July 8, 2025

Project Tutorial: Analyzing Startup Fundraising Deals from Crunchbase

In this project walkthrough, we'll explore how to work with large datasets efficiently by analyzing startup investment data from Crunchbase. By optimizing memory usage and leveraging SQLite, we'll uncover insights about fundraising trends while learning techniques that scale to real-world data challenges.

Working with large datasets is a common challenge in data analysis. When your dataset exceeds your computer's memory capacity, you need smart strategies to process and analyze the data effectively. This project demonstrates practical techniques for handling medium-to-large datasets that every data professional should know.

Throughout this tutorial, we'll work within a self-imposed constraint of 10MB of memory—a teaching device that simulates the challenges you'll face with truly massive datasets. By the end, you'll have transformed a 57MB dataset into an optimized database ready for lightning-fast analysis.

What You'll Learn

By the end of this tutorial, you'll know how to:

  • Process large CSV files in chunks to avoid memory errors
  • Identify and remove unnecessary columns to reduce dataset size
  • Convert data types to more memory-efficient alternatives
  • Load optimized data into SQLite for efficient querying
  • Combine pandas and SQL for powerful data analysis workflows
  • Diagnose encoding issues and handle non-UTF-8 files
  • Create visualizations from aggregated database queries

Before You Start: Pre-Instruction

To make the most of this project walkthrough, follow these preparatory steps:

  1. Review the Project

    Access the project and familiarize yourself with the goals and structure: Analyzing Startup Fundraising Deals Project.

  2. Access the Solution Notebook

    You can view and download it here to see what we'll be covering: Solution Notebook

  3. Prepare Your Environment

    • If you're using the Dataquest platform, everything is already set up for you
    • If working locally, ensure you have Python with pandas and sqlite3 installed
    • Download the dataset from GitHub (October 2013 Crunchbase data)
  4. Prerequisites

    • Comfortable with Python basics (loops, dictionaries, data types)
    • Basic familiarity with pandas DataFrames
    • Some SQL knowledge is helpful but not required

New to Markdown? We recommend learning the basics to format headers and add context to your Jupyter notebook: Markdown Guide.

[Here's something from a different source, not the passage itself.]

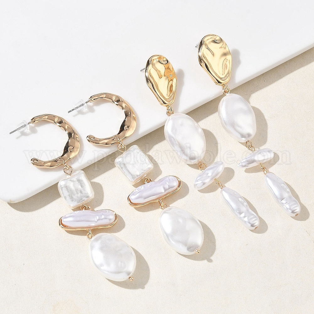 Серьги-гвоздики из цинкового сплава, с пластиковой жемчужины, золотые

Setting Up Your Environment

Let's begin by importing pandas and understanding the challenge ahead:

import pandas as pd

Before we begin working with our dataset, let's understand our constraint. We're simulating a scenario where we only have 10MB of memory available for our analysis. While this specific limit is artificial for teaching purposes, the techniques we'll learn apply directly to real-world situations with datasets containing millions of rows.

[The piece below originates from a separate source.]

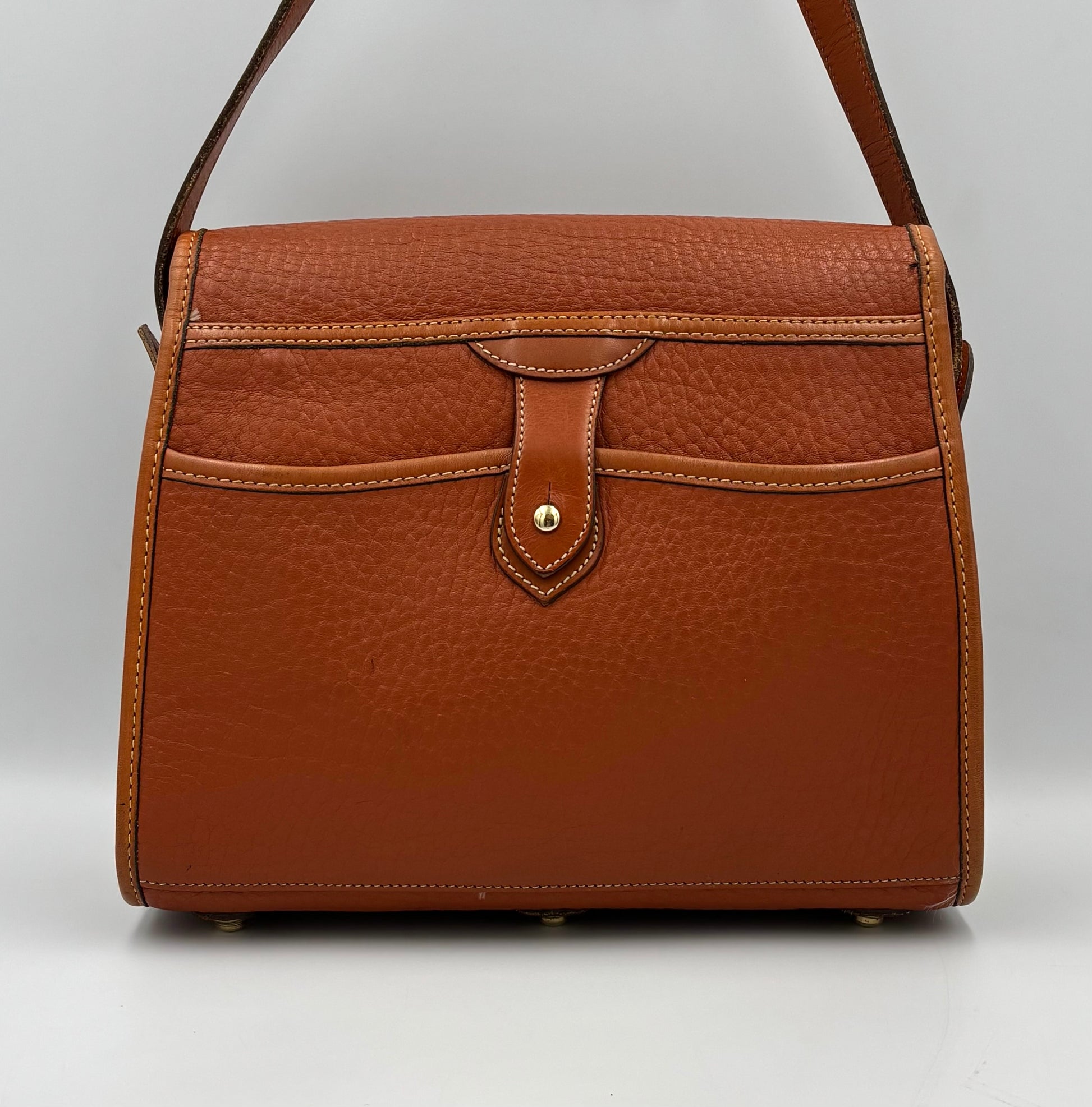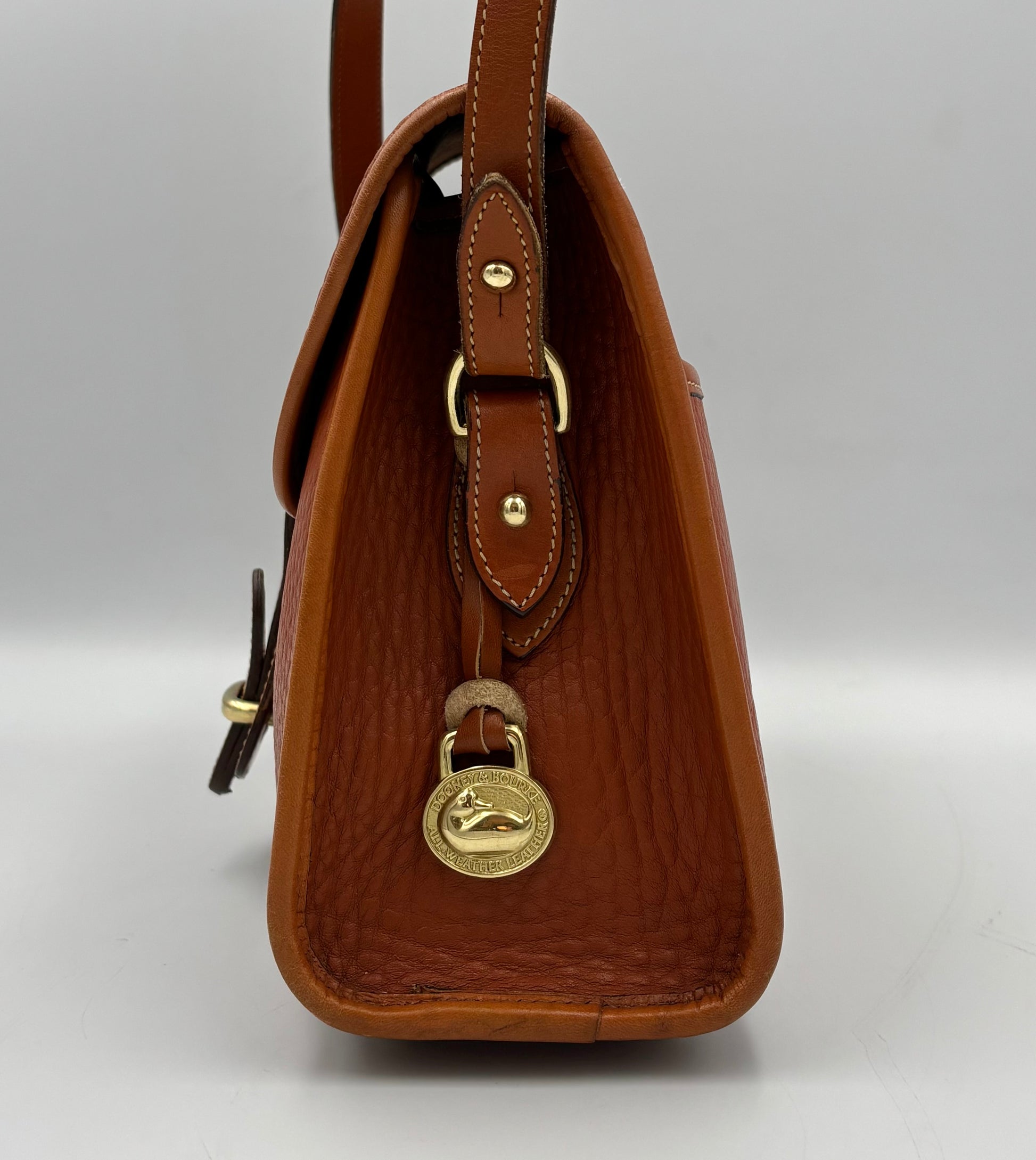 This authentic vintage Dooney & Bourke Essex Bag is crafted in thick saddle tan pebbled leather with British tan trim and solid brass hardware. The structured, dome-shaped silhouette features Dooney’s iconic duck logo, reinforced base with brass feet, and an adjustable buckle strap for shoulder or crossbody wear. A standout piece from the 1990s, it’s built to last and designed for daily use.

Learning Insight: When I first started as a data analyst, I tried to load a 100,000-row dataset on my local machine and it crashed. I was blindsided because I didn't know about optimization techniques. Understanding what causes large memory usage and how to handle it are valuable skills that will save you countless hours of frustration.

Loading the Dataset with Chunking

Our first challenge: the CSV file isn't UTF-8 encoded. Let's handle this properly:

# This won't work - let's see the error
df = pd.read_csv('crunchbase-investments.csv')

When you try this, you'll get a UnicodeDecodeError. This is our first lesson in working with real-world data: it's often messy!

# Let's use chunking with proper encoding
chunk_iter = pd.read_csv('crunchbase-investments.csv',
                         chunksize=5000,
                         encoding='Latin-1')

Learning Insight: Latin-1 is a good fallback encoding when UTF-8 fails. Think of encoding like languages—if your computer expects English (UTF-8) but gets Spanish (Latin-1), it needs to know how to translate. The encoding parameter is just telling pandas which "language" to expect.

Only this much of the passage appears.